The other parenting style Lareau describes is the accomplishment of natural growth. This parenting style is practiced primarily by working class families and relies on trust in the spontaneous growth and development of children into well-functioning adults, with adults stepping in to correct behavior when needed. Families adhering to this parenting style give their kids plenty of freedom to play and lots of opportunity to develop deep bonds with siblings, cousins, and neighborhood kids. They don’t micromanage their children’s interactions – they tend to swoop in to issue orders and make sure they are followed, and then swoop out again. They don’t spend a lot of time explaining things to their children or reasoning with them. These children grow up learning how to cope with hearing “no” and things not going their way, but the downside is they don’t always develop the communication and negotiation skills that can be useful for interacting with or advocating for yourself with teachers, professors, employers, health care professionals, or other people in positions of authority.

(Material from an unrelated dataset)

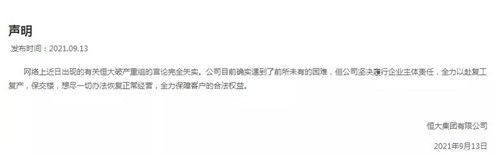 房訊網(wǎng)訊 9月13日晚間,恒大集團(tuán)發(fā)布聲明稱,網(wǎng)絡(luò)上近日出現(xiàn)的有關(guān)恒大破產(chǎn)重組的言論完全失實(shí)。公司目前確實(shí)遇到了前所未有的困難,但公司堅(jiān)決履行企業(yè)主體責(zé)任,全力以赴復(fù)工復(fù)產(chǎn),保交樓,想盡一切辦法恢復(fù)正常經(jīng)營(yíng),全力保障客戶的合法權(quán)益。
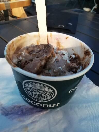 Read moreje descends les étoiles vous comprendrez pourquoi a la faim : Venu pour la première fois ce jour ( 10 février 2022), je découvre ce concept, accueil chaleureux il y avait du monde ducoup 15 mns d attente pour avoir une place ce n est pas grave on est partie faire les boutiques en entendant, 15 mns plus tard on revient top de la place, je pense que c est le patron qui nous accueille, je parlais a ma copine en disant que je cherchais du travail et le patron sûrement a dit nous allons ouvrir un coconut au waves si vous êtes intéressé venez déposer votre CV , j ai trouvé ça super aimable. On scanne le cuillère code pour commander sur l application j avais du mal avec mon réseau internet mais pas grave j ai quand même pu commander j ai pris une gaufre Kinder Buenos white avec copeaux de chocolat lait et blanc et une sauce de chocolat blanc et une glace au lait et blanc un régale et ensuite une boule de glace violette et un ICE tea le tout pour 12.90 euros je trouves ça très raisonnable. Très déçu de coconuts malheureusement j' étais une Cliente très fidèle mais je penses que je vais m arrêter la deux fois déçu j' ai commandé deux gaufres le 26 octobre Uber eat muse metz , les gaufres sont arrivées très compactes et pâteuse en bouche , la pâte pas aéré du tout c était vraiment très lourd . J y suis retournée le lundi 31 octobre avec une amie on a commandé une crêpe et une gaufre création malheureusement encore une fois très déçu la crêpe de mon amie pas du tout mais pas du tout cuite j ai la photo si besoin , une gaufre qui est arrivé encore une fois lourde est très pâteuse je l ai fais goûté a mon amie même elle elle était choqué de la gaufre et moi de sa crêpe nous venons très souvent c était enfin un endroit où de bonne gaufre était faite et des bonnes crêpes mais la c est descendu .. Vraiment dommage car Je sais que les erreurs peuvent arriver mais la c...

I believe a growing number of parents are realizing that we can capture the best of both of these worlds. I call it wildflower parenting. Wildflower parenting doesn’t involve the constant pruning necessary for a meticulous garden. It recognizes that little humans arrive in the world as themselves and no amount of weeding or watering will turn them into something else. Wildflower parenting involves plenty of opportunity for free play, imagination, and deep bonds with the ones closest to us. It means knowing that wildflowers are resilient, but also recognizing the importance of the environment for thriving and growth. It also involves taking kids seriously and preparing them for the new territory they will one day enter without us.

Wildflowers make the world beautiful

Wildflowers are part of a complex ecosystem that makes life possible, and along the way, more beautiful. Their beauty lies in being exactly who they are supposed to be. Some wildflowers are brightly colored, and others are subtler in their appearance. Some reach for the sky and others stay close to the earth. Some flower early in the season and others late. They turn out exactly how they should, and no one needs to stand over them, pruning and weeding and watering and pushing them to try to be just a little more brightly colored or to stop standing out so much. Wildflowers were never meant to be a perfectly manicured garden. And that’s what makes them beautiful.